I would settle for 2 four-hour days, I think.
I would settle for 2 eight hour days, with the rest being as-wanted (I actually/thankfully like what I do but damn the grind is hard!)
Anyone interested in the 996 workweek? Supposedly, it builds great discipline.
I personally am not, but only because I have a secondary thing I have to devote a lot of time to.
I recently asked to take Friday off and Thursday to work from home. Plan to start next month. I would like to push it to 3 days, but nevertheless its a great start. Doesn't make sense to waste your life in front of a computer...
I started feeling burned out and asked for part time, just 3 days a week. Company refused - we don't do part time. Instead they tried to convince me to stay, give me perks, a raise, etc, because they really liked me. I told them I probably can find someone willing to hire a dev in this huge city.

By the end of the day I had a part time offer and a raise. The market is in our favour at least for now.

Interestingly, after 6 months I dialed back to 4 days a week. I felt too disconnected with the projects and the people, and procrastinated too much in the 4-day weekend. I found 4 days to be my personal sweet point.

Nice one. I guess the point is to have the flexibility to try what works for you. Some people like to work 7 days a week which is also fine...
I somehow doubt this, especially over the long term. And this is coming from exeperience.

Let's say you have about 84 truly free hours in a week without work. Do you really have 84 hours of free time stuff you want to do or are you going to be staring at your phone swiping refresh on reddit bored out of your mind half way into the first week?
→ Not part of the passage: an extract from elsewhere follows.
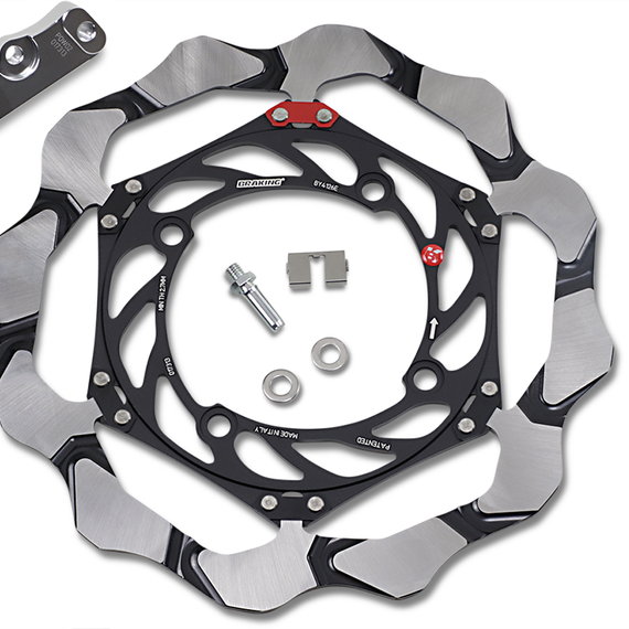 Caracteristicas: Designed with input from Braking's working experience with best teams in most important competitions in the world (MXGP and MX2) The braking track ensures a better heat dissipation, ensuring a steady friction coefficient The new connection structure allows a more controlled a radial axial play, with a better load transfer between the braking track and the carrier Thermal design optimized Maximum weight-to-performance ratio Consistent disc temperature Absence of heat spots Direct load transfer between rotor and hub No pin deformation due to applied load

Certain people have hobbies that will eat almost unlimited time, let's say fishing or woodworking, but if you don't all this free time can be a nightmare.

That being said I'd love something like 4, 4-6 hour days a week.

No one who commented this far has read the article. Somehow this doesn’t surprise me, people only think of themselves.

The thesis is that to counter the effects of unemployment on mental health, you only need one days worth of work. As in, work is a psychological remedy for people who have not been able to contribute to society and have no place on the pecking order.

Giving the unemployed more work did little to improve their mental health much further. This article was not about your poor ass having too much work. And for some its even a status symbol to be so important that you are busy all the time.